• _Records for this exercise_
******
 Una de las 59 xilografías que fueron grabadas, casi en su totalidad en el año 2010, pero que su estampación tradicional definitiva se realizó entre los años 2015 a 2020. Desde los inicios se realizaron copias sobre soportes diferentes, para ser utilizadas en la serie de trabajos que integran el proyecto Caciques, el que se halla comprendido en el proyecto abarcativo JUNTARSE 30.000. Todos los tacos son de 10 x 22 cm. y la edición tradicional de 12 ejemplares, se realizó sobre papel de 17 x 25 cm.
******
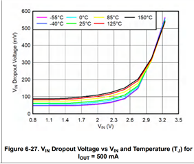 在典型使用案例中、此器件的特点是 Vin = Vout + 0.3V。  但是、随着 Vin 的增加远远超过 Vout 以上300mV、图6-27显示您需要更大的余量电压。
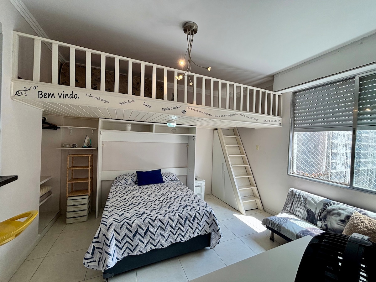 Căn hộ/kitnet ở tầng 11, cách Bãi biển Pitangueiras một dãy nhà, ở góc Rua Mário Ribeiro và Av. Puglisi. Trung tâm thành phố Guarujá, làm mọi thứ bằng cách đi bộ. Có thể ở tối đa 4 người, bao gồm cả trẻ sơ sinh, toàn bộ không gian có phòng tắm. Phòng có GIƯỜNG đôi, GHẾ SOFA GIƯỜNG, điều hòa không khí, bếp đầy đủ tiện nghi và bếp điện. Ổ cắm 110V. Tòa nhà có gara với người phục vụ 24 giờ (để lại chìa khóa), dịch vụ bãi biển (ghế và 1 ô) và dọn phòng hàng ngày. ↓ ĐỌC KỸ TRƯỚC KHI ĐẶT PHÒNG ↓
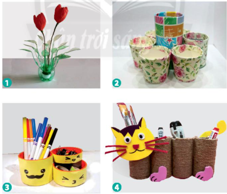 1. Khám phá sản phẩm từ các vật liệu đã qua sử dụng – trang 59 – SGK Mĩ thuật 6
******
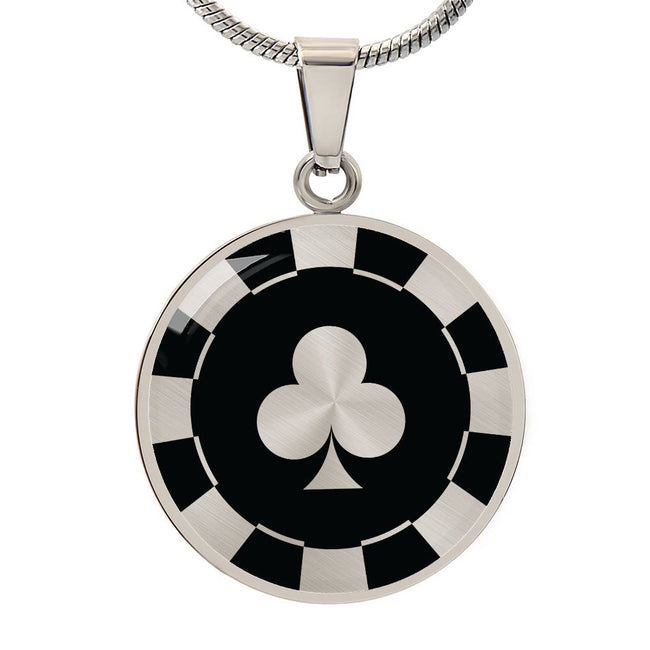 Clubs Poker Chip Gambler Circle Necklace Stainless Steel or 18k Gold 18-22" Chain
******
• _Task brief_
When copying from the data above, begin at the line containing "在典型使用案例中、此器件的特点是 Vin = Vout" and end at the line containing "1. Khám phá"; return those lines exactly and leave all pictures behind.

• _Task result_
 在典型使用案例中、此器件的特点是 Vin = Vout + 0.3V。  但是、随着 Vin 的增加远远超过 Vout 以上300mV、图6-27显示您需要更大的余量电压。
 Căn hộ/kitnet ở tầng 11, cách Bãi biển Pitangueiras một dãy nhà, ở góc Rua Mário Ribeiro và Av. Puglisi. Trung tâm thành phố Guarujá, làm mọi thứ bằng cách đi bộ. Có thể ở tối đa 4 người, bao gồm cả trẻ sơ sinh, toàn bộ không gian có phòng tắm. Phòng có GIƯỜNG đôi, GHẾ SOFA GIƯỜNG, điều hòa không khí, bếp đầy đủ tiện nghi và bếp điện. Ổ cắm 110V. Tòa nhà có gara với người phục vụ 24 giờ (để lại chìa khóa), dịch vụ bãi biển (ghế và 1 ô) và dọn phòng hàng ngày. ↓ ĐỌC KỸ TRƯỚC KHI ĐẶT PHÒNG ↓
 1. Khám phá sản phẩm từ các vật liệu đã qua sử dụng – trang 59 – SGK Mĩ thuật 6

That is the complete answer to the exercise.